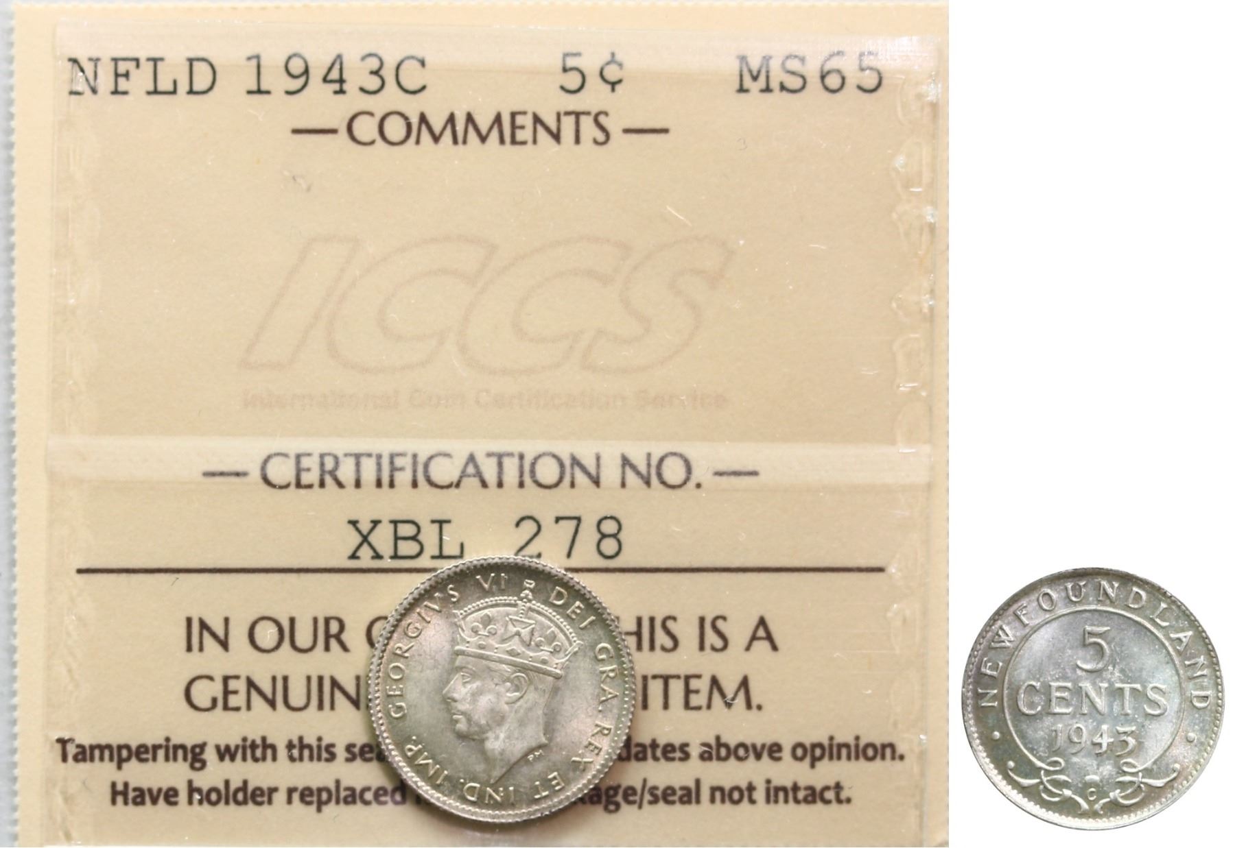 Nfld; 1943c 5¢ ICCS Gem Mint State-65 Brilliant and lustrous.
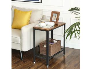 Industrial 2-Tier Side Table with Mesh & Metal Frame – Rustic Brown
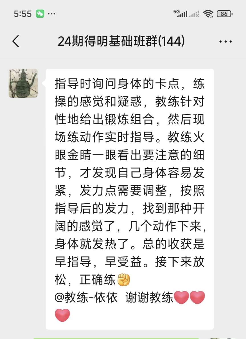 指导时询问身体的卡点,练操的感觉和疑惑,教练针对性地给出锻炼组合,然后现场练动作实时指导。教练火眼金睛一眼看出要注意的细节,才发现自己身体容易发紧,发力点需要调整,按照指导后的发力,找到那种开阔的感觉了,几个动作下来,身体就发热了。总的收获是早指导,早受益。接下来放松,正确练[拳头]
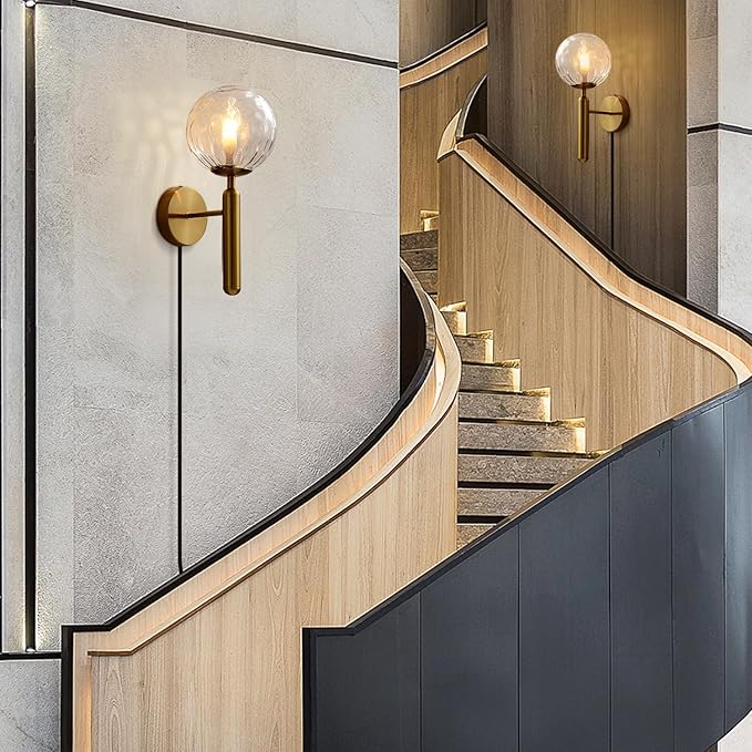 KCO Lighting Plug in Globe Wall Light Vintage Industrial Wall Sconce Lighting Fixture with On/Off Switch, Metal Wall Lamp for Bedroom Living Room Hallway,(Clear Plug in)
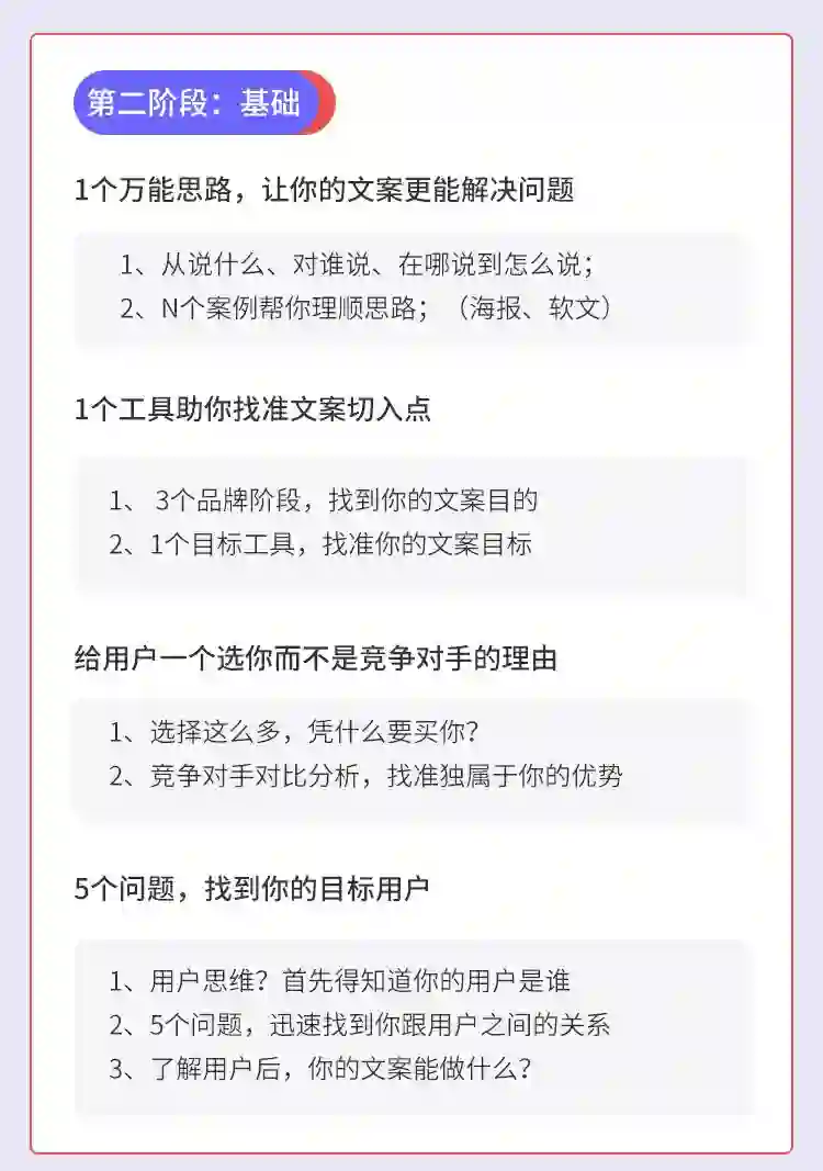措施一:4大阶段文案知识内容,打通文案任督二脉,告别写时没思路,投放没效果
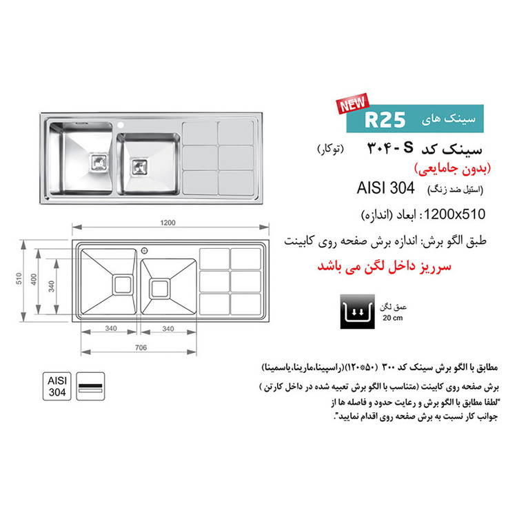 نوع زیراب : مربع با تخلیه سریع ضخامت ورق : یک میلیمتر
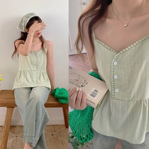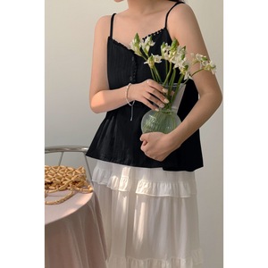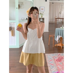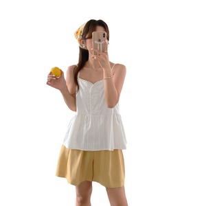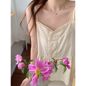 韓国版chi純欲レース単列ボタン綿質小ストラップベスト女性減齢純色百合少女上着
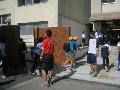 金曜日は、隣接する西淡路小学校の6年生が中学校に登校し中学校で学習する日。今朝もランドセルを背負った6年生が次々にやってきました。
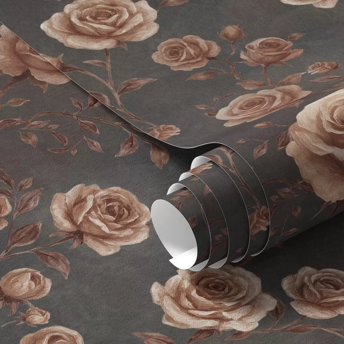 Papel pintado Rosas vintage sobre fondo grafito, paleta terracota Nr. a00497v1
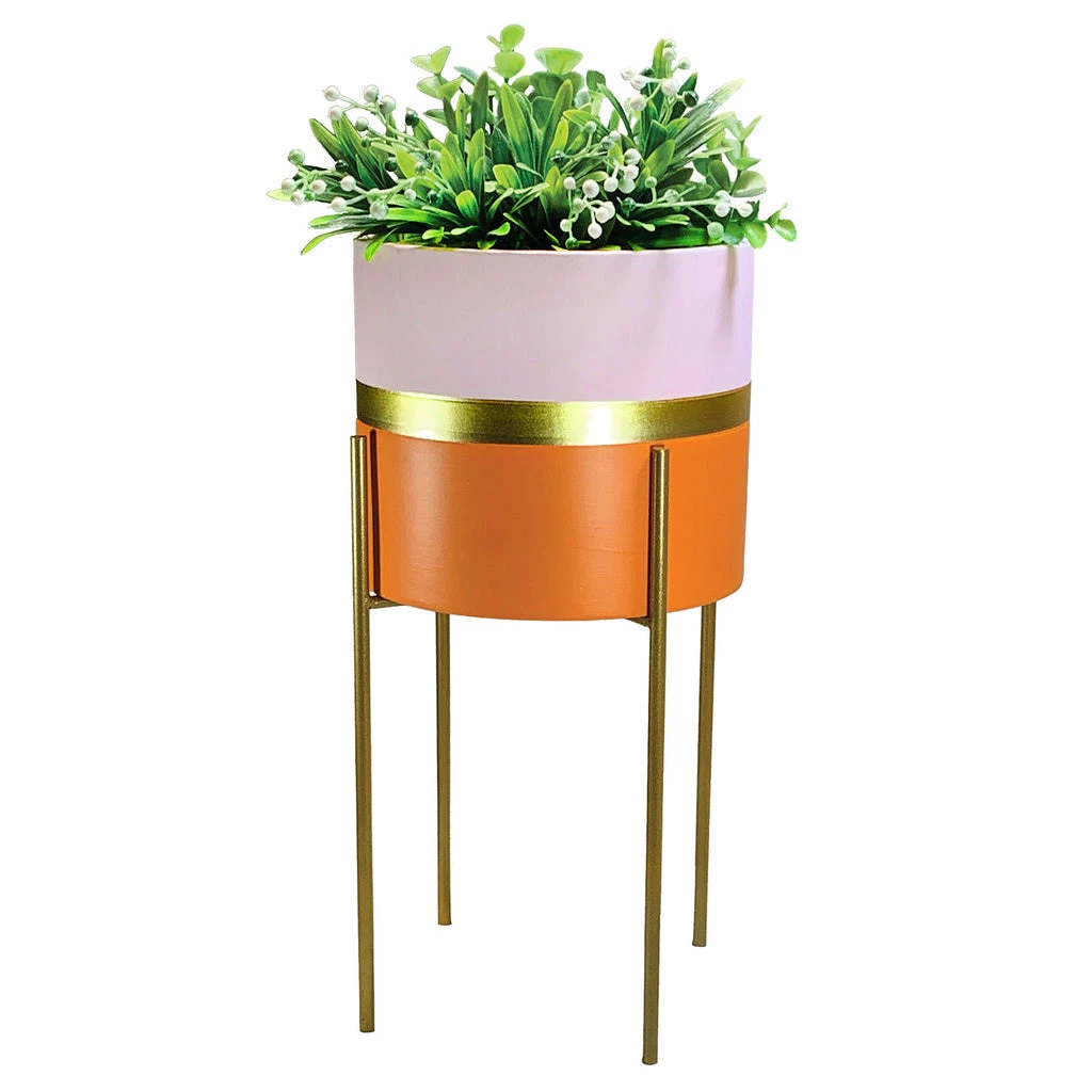 Add a splash of retro color to your home decor with this modernist planter in pink and orange. It comes with a gold stand that allows two different heights for the planter, depending on how you turn it.
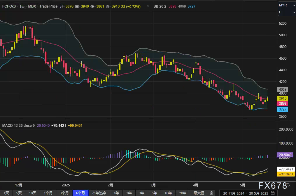 马来西亚棕榈油局(MPOB)最新数据显示,4月末棕榈油库存攀升至六个月高位,产量创十年来同期新高,而国内消费意外下滑,供需矛盾加剧。 这一库存压力在5月上旬有所延续,限制了价格上行空间。然而,货运调查机构估算,5月1日至20日马来西亚棕榈油出口量较上月同期增长1.6%至5.3%,显示需求端有所改善。 出口数据虽未形成强劲复苏信号,但为市场提供一定支撑。此外,马来西亚政府将6月毛棕榈油参考价下调至9.5%出口税区间,旨在提升出口竞争力,可能进一步刺激需求。   消息面:外部油脂市场与汇率波动影响   大连商品交易所棕榈油合约(DCPcv1)今日上涨1.25%,豆油合约(DBYcv1)微涨0.49%,受中国近期刺激措施提振市场情绪。Iceberg X Sdn Bhd交易员David Ng指出:“大连棕榈油价格上涨主要得益于中国政府一系列刺激措施,市场情绪因此改善。” 芝加哥期货交易所(CBOT)豆油合约(BOcv1)隔夜上涨后今日回落0.3%,显示竞争油脂价格波动对棕榈油影响显著。 棕榈油作为全球植物油市场重要组成部分,其价格走势常与豆油等竞争油脂联动。   林吉特兑美元汇率今日贬值0.19%,使棕榈油对海外买家更具价格吸引力,部分抵消了库存压力。 然而,原油价格因地缘政治不确定性而持稳,对棕榈油作为生物燃料原料的成本支撑有限。 市场需关注后续地缘局势对油价的潜在影响。   日K线技术面显示,布林带(20,2)上轨4069林吉特,中轨3898林吉特,下轨3727林吉特,价格站稳中轨,显示短线企稳迹象。MACD指标(12,26,9)快线20.5040,慢线-79.4421,柱状线-99.9461,负值区域柱状线收窄,暗示下跌动能减弱。,表明反弹动能未形成趋势性反转。
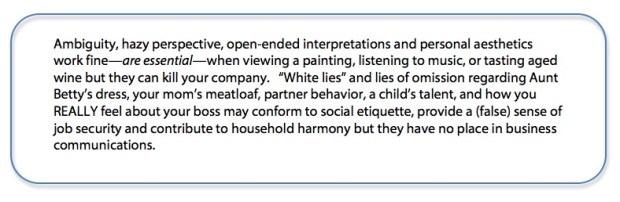 What follows is the introduction to a four-part essay on corporate communication. This section introduces the concepts of “secure-accept-respect” and “no-oblique-speak.” These themes will be presented in detail in Part I and appear throughout the essay. While the basic information deals with all levels of human interaction, the focus is on the communication concerns of fast-paced, early stage, entrepreneurial and intrapreneurial ventures.
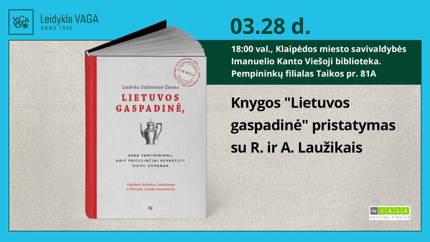 Kovo 28 d. 18.00 val. Klaipėdos miesto savivaldybės Imanuelio Kanto viešosios bibliotekos Pempininkų padalinyje (Taikos pr. 81A) kviečiame į Liudvikos Didžiulienės-Žmonos knygos „Lietuvos gaspadinė, arba Pamokinimai, kaip prigulinčiai suvartoti Dievo dovanas“, papildytos Rimvydo Laužiko ir Anželikos Laužikienės komentarais, pristatymą.
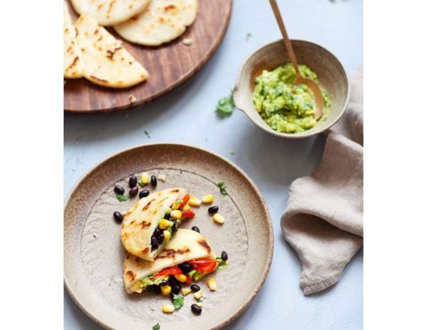 Vegetarische arepa met zwarte bonen, mais, avocadosalsa & paprika
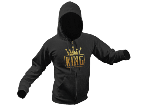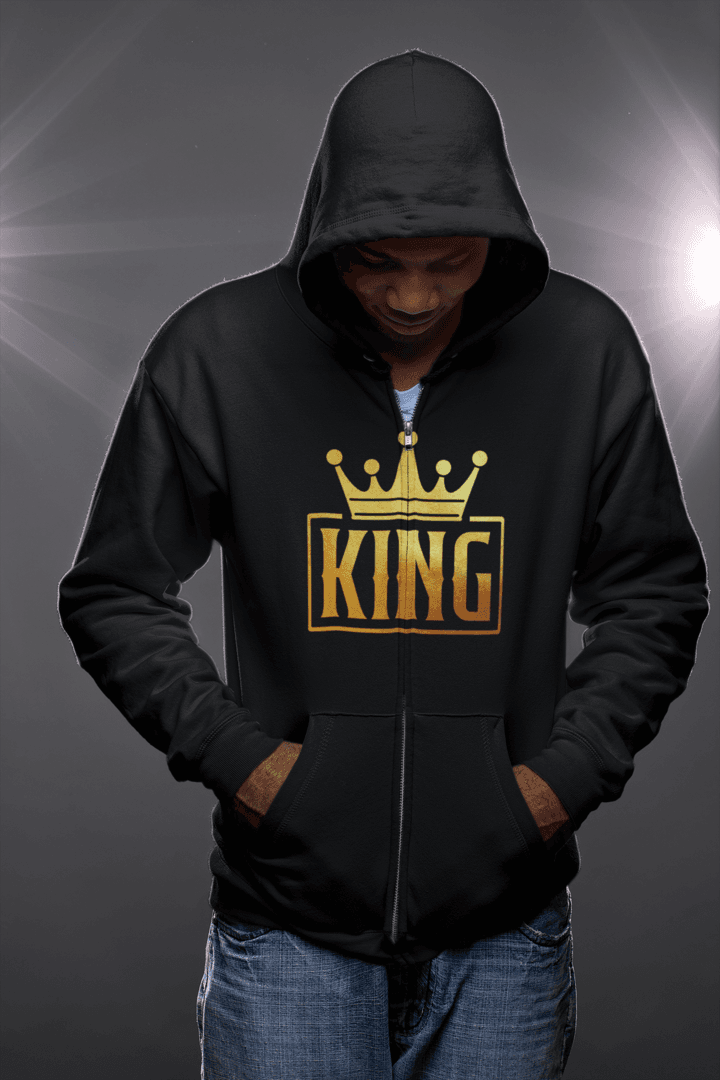 Machen Sie Ihr Outfit zu etwas Besonderem. Wählen Sie Stil, Komfort und das gewisse Etwas. Holen Sie sich den King-Zip-Hoodie noch heute und genießen Sie einen unwiderstehlich königlichen Look!

··········

** ASSIGNMENT **
The result should be an exact copy of only the lines above from the one that holds "Industrial 2-Tier Side" through the one that holds "金曜日は、隣接する西淡路小学", both ends included, without pictures.

** ANSWER BELOW **
 Industrial 2-Tier Side Table with Mesh & Metal Frame – Rustic Brown
 指导时询问身体的卡点,练操的感觉和疑惑,教练针对性地给出锻炼组合,然后现场练动作实时指导。教练火眼金睛一眼看出要注意的细节,才发现自己身体容易发紧,发力点需要调整,按照指导后的发力,找到那种开阔的感觉了,几个动作下来,身体就发热了。总的收获是早指导,早受益。接下来放松,正确练[拳头]
 KCO Lighting Plug in Globe Wall Light Vintage Industrial Wall Sconce Lighting Fixture with On/Off Switch, Metal Wall Lamp for Bedroom Living Room Hallway,(Clear Plug in)
措施一:4大阶段文案知识内容,打通文案任督二脉,告别写时没思路,投放没效果
 نوع زیراب : مربع با تخلیه سریع ضخامت ورق : یک میلیمتر
 韓国版chi純欲レース単列ボタン綿質小ストラップベスト女性減齢純色百合少女上着
 金曜日は、隣接する西淡路小学校の6年生が中学校に登校し中学校で学習する日。今朝もランドセルを背負った6年生が次々にやってきました。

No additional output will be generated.